Monday, April 21, 2008
Catching Up: Andrew is Totally P.T.
Monday, March 24, 2008: Potty Training officially began.
I saw that the weather forecast was predicting nice warm weather at the end of the week and I decided to use my last known cold weather week to make me feel justified in remaining cooped up inside all day.
Without bothering to dress my son.
And feeding him cookies and chocolate under no sense of private shame.
We started Monday; I let him jump, urine-soaked, on a trampoline on Tuesday (when we babysat for my friend and I couldn't drag him off to do his business); and he did have another accident (urine only) that Sunday at church (for which I blame his father for blindly following our 2 year old's lead on whether or not he had to go rather than my instruction that he did) and then we were done. I will skip all the fun and interesting stories and simply say that Andrew is completely trustworthy in his soccer ball underwear.
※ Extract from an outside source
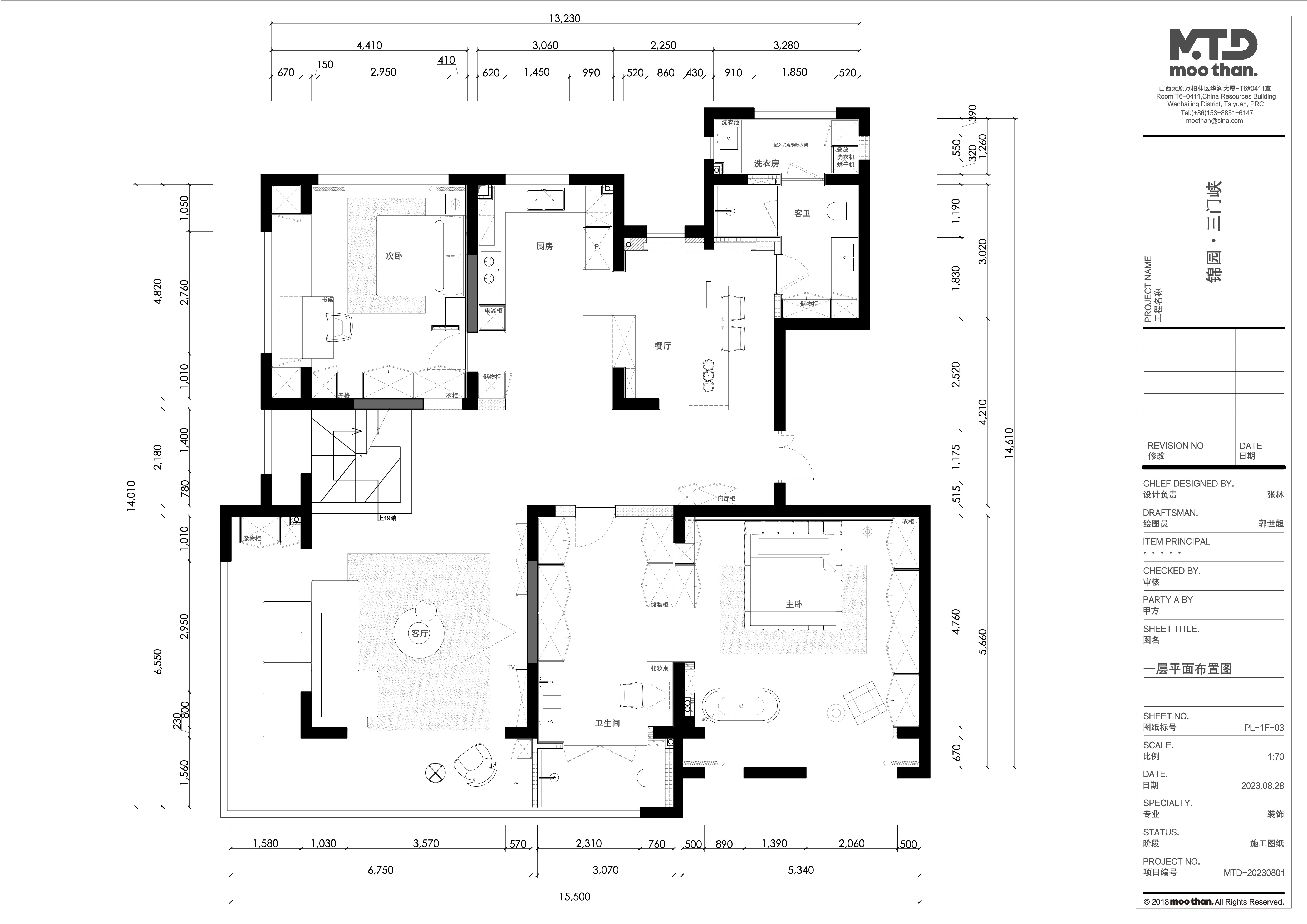 设计选材:屋主是美发师,有独到的生活质感见地,要求质朴自然的归宿感,这一点与我们品牌理念不谋而合,在选材上,用了天然的实木地板、石材以及包含手工气质的艺术漆。在无常变化中唯一不变的是时间,记录下瞬间场景的同时,留住了此刻的时间,温润的木质与秩序感的线条相呼应,东面的阳光洒向橡木板赋予这个空间质感,面向远景,坐躺着便可以眺望远处的江河山景。

In an interesting insight into Andrew's personality, on the few occassions when we had a mishap (a far too high potty with no stool during Emma's birthday party and a fiercely independent boy who refused to notify either parent of his bathroom needs), he was very hard on himself. Worse, even, than when he misses a shot at his little basketball hoop. "I missed!" he shrieked angrily. "I made a mistake! Put a diaper back on me!" He demanded this in shame. It was sad and fascinating. I was sort of proud of him for his determination and pride. I told him that we all make potty mistakes sometimes. I knew that it would evenatually come in handy that I had an accident in my 5th grade classroom. No such thing as an accident, right? ha. Luke's humiliation at an emergency room recently also helped assauge Andrew's self-loathing. He listened to these examples and seemed to feel a lot better.
Another interesting insight into Andrew's psyche was that he then felt the need to confess his failure to Emma. "I almost made it, but I missed, Emma!" Another thing my son has in common with his mom. (The first being the sweet tooth).
So, Andrew, for future reference, this is how we got you potty trained:
1. Naked from the waist down.
3. Bribes: Reeses Pieces and hersey kisses (didn't spoil your appetite, but got you motivated)
4. Praise: We would cheer hysterically, dementedly (we = me)
5. Appealing to your sense of PRIDE: telling you about all the big kids who use the potty and then asking them to tell you about it and their lack of diapers.
You inform all around you of your new skill. You treated the missionaries to a full regale of your abilities and your undergarments during a dinner at Nana and Papa's house.
And every time you race for the potty, I feel a big sense of accomplishment, too.